7. Les policiers eux-mêmes disent que la mauvaise conduite est remarquablement répandue.

Voici le véritable argument décisif. Une étude du ministère de la Justice a révélé qu’un énorme 84 pour cent des agents de police déclarent avoir vu des collègues utiliser une force excessive sur des civils, et 61 pour cent admettent qu’ils ne signalent pas toujours « même les violations criminelles graves qui impliquent un abus d’autorité par des collègues officiers. »

Cette auto-déclaration nous fait passer bien au-delà de l’anecdote dans le domaine des données : La brutalité policière est un problème omniprésent, exacerbé par les échecs systémiques pour l’endiguer. Il ne s’agit pas de dire que tous les policiers sont mal intentionnés ou abusifs, mais de suggérer que l’hypothèse commune selon laquelle la police fait généralement usage de son autorité de manière digne de confiance mérite d’être sérieusement reconsidérée. Comme John Adams l’a écrit à Jefferson, « le pouvoir pense toujours avoir une grande âme », et on ne peut pas lui faire confiance s’il n’est pas contrôlé.

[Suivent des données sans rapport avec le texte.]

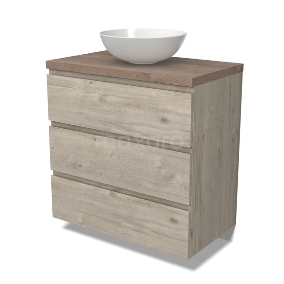 Modulo Plato Badmöbel mit Aufsatzwaschbecken | 80 cm Hellgraue Eiche Grifflos front Mittelbraune Eiche blatt 3 Schubladen

La bonne nouvelle est que la première étape pour prévenir la brutalité policière est bien documentée et assez simple : Faire en sorte que la police soit constamment filmée. Une étude menée en 2012 à Rialto, en Californie, a révélé que lorsque les agents étaient tenus de porter des caméras enregistrant toutes leurs interactions avec les citoyens, « les plaintes du public contre les agents ont plongé de 88% par rapport aux 12 mois précédents. L’usage de la force par les officiers a diminué de 60 % ». Le simple fait de savoir qu’ils étaient observés a radicalement modifié le comportement des policiers.

Ajoutée à d’autres réformes, comme le fait de faire payer aux agents leurs propres règlements et de fournir une meilleure formation pour traiter avec les animaux domestiques, l’utilisation des caméras pourrait produire une diminution significative des fautes policières. Il n’est pas irréaliste de penser que les rapports de brutalité policière pourraient devenir beaucoup plus inhabituels – mais seulement une fois que nous reconnaissons qu’il ne s’agit pas seulement de quelques pommes pourries.

Bonnie Kristian est un écrivain qui vit dans les Twin Cities. Elle est consultante en communication pour Young Americans for Liberty et étudiante diplômée au Bethel Seminary. Retrouvez-la sur bonniekristian.com et @bonniekristian.